KNT-CT、子会社と代表取締役の異動を発表 2025年3月期は7.5%増収

  • 2025年5月13日

 KNT-CTホールディングスは2025年3月期の決算を発表し、海外旅行需要の回復などを背景に増収を確保した。一方で、公務受託事業の減少や人的・システム投資の増加により営業利益は減少となった。併せて同社は、子会社再編や資本政策、人事異動も公表した。

 2025年3月期連結決算は、売上高が前年比7.5%増の2745億円。海外旅行を中心に取り扱いが増加、ヨーロッパ方面の添乗員同行ツアーやクルーズ商品、訪日旅行向けの多言語サイトによる需要取り込みなどが奏功した。一方、営業利益は60億4000万円(前年比16.9%減)、経常利益は67億76百万円(同15.1%減)。当期純利益は、投資有価証券売却益等を計上し76億8000万円で同1.9%の微増となった。

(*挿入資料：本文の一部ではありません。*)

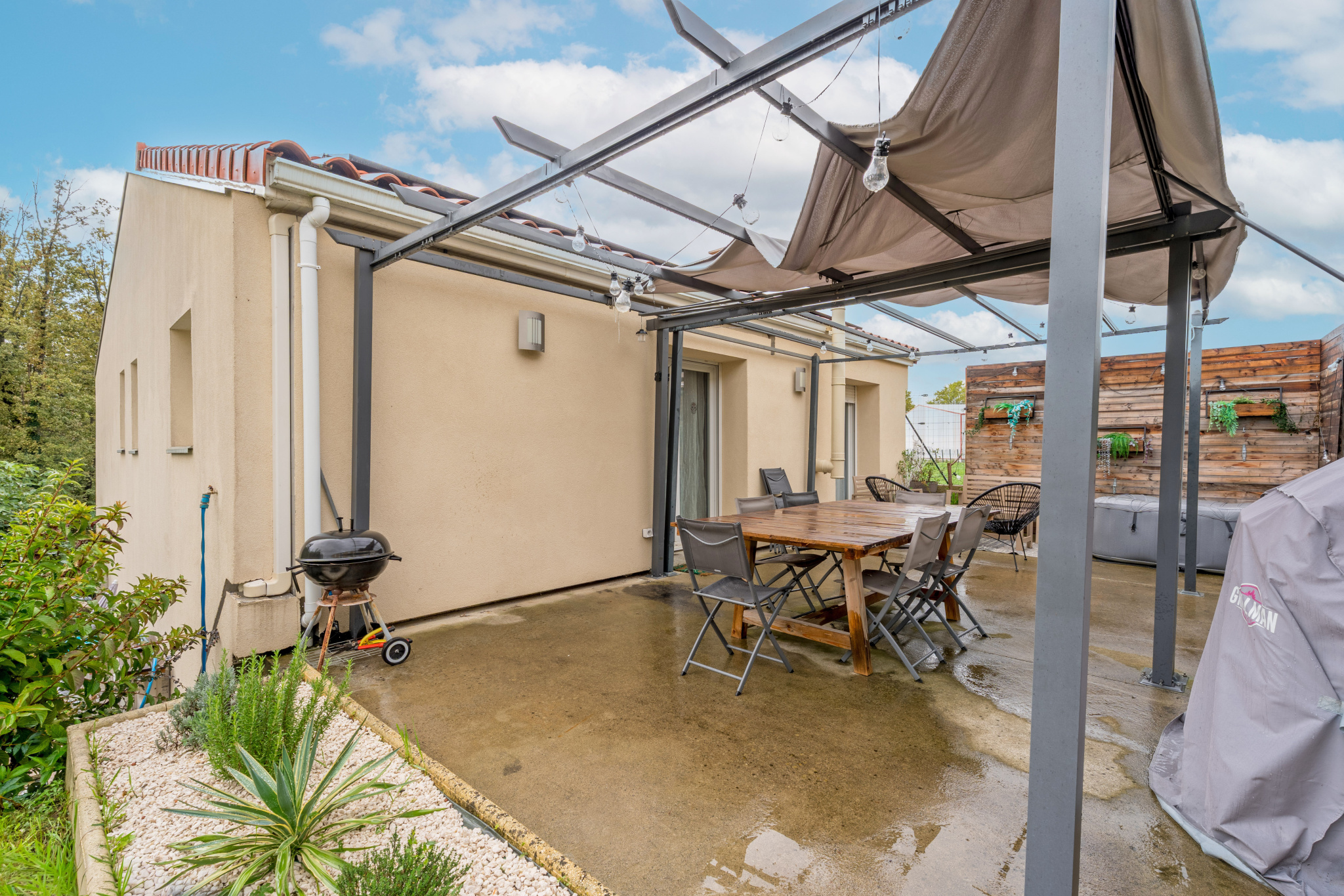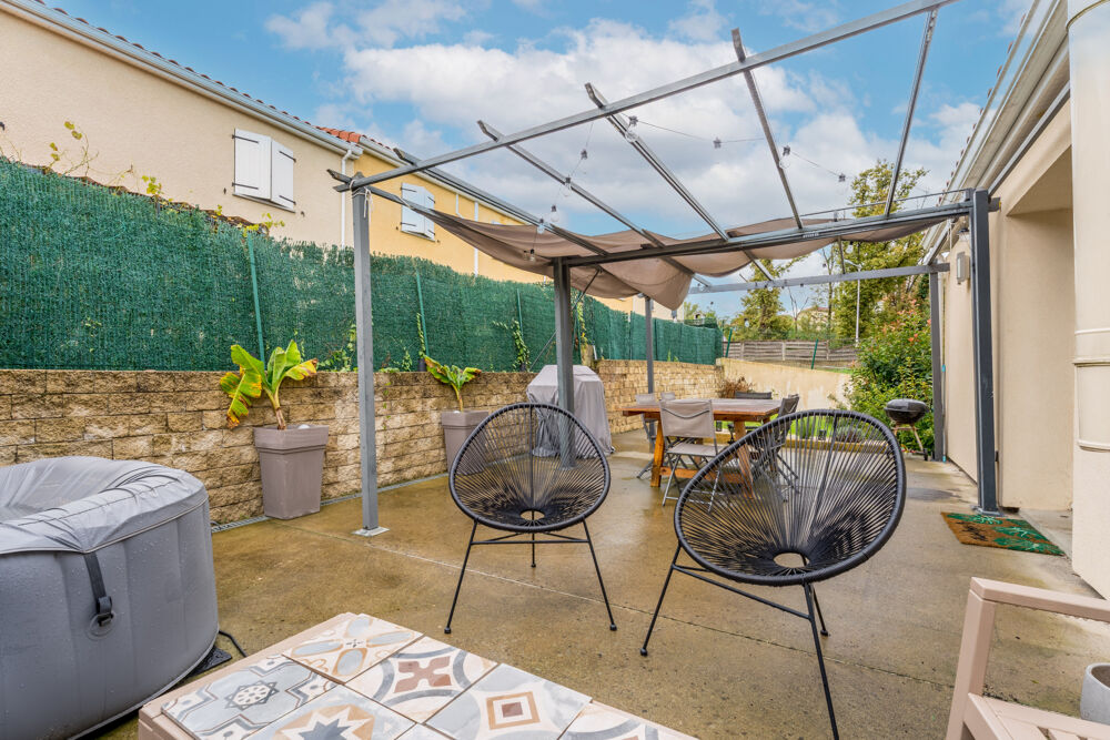 Sur la terrasse coté pièce de vie, vous accèderez à différents espaces dont un coin repas abrité par la pergola, un espace détente avec le jacuzzi et la piscine hors sol, le tout dans un cadre très fonctionnel avec son chemin menant au second portillon pour l'accès côté rue et permettant un accès PMR.

 こうした中、同社は子会社の異動と財務体制の見直しも発表。連結子会社クラブツーリズムの完全子会社であるクラブツーリズム・ライフケアサービス(LCS)が行う生活周辺事業をクラブツーリズム本体に吸収分割した上で、LCSの全株式を介護事業を手がける揚工舎に譲渡する。これによりLCSは連結子会社から除外される。

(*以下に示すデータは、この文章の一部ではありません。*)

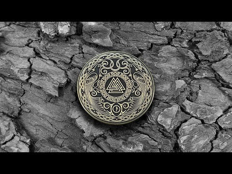 This brass coin featuring the Valknut, also known as the Knot of the Fallen, is a powerful Norse-inspired gift for mythology lovers, Viking culture fans, and collectors of symbolic artifacts. The central Valknut is framed by intricate Celtic knotwork and Odin’s ravens, Huginn and Muninn, symbolizing wisdom, memory, and spiritual protection. The detailed Nordic-style ornamentation gives the coin the look of an authentic mythological relic. It serves as a meaningful talisman, a striking display piece, or a memorable collectible for anyone fascinated by Norse symbols. The antique brass texture enhances its depth and character, making it an eye-catching item in any collection. Personalization options allow adding a name, date, or short custom message to create a unique and thoughtful gift.

 さらに、財務健全化策として資本準備金79億5710万円のうち、79億3210万円を減額し、繰越損失の解消に充当する剰余金処分を実施する。これにより純資産額に変動は生じないが、機動的な資本政策の遂行が可能となる。今回の施策は6月開催の定時株主総会での承認を経て、7月末に効力を発する予定だ。

 人事面では、6月17日開催の株主総会後、代表取締役会長の米田昭正氏が取締役会長となり、代表取締役専務の三宅貞行氏が代表取締役副社長に、専務取締役の中之坊健介氏が代表取締役専務に就任する。新体制は事業構造改革の一層の推進を目的としたもの。

 KNT-CTは本年創立70周年を迎え、さまざまな新規事業にも取り組んでいる。ロサンゼルスには日本食の魅力発信などを行う現地法人を4月に設立し、訪日意欲の喚起と海外での認知度向上を狙う。さらに高付加価値商品の強化やユニバーサルツーリズムの拡充など、持続可能な成長を目指す動きが加速している。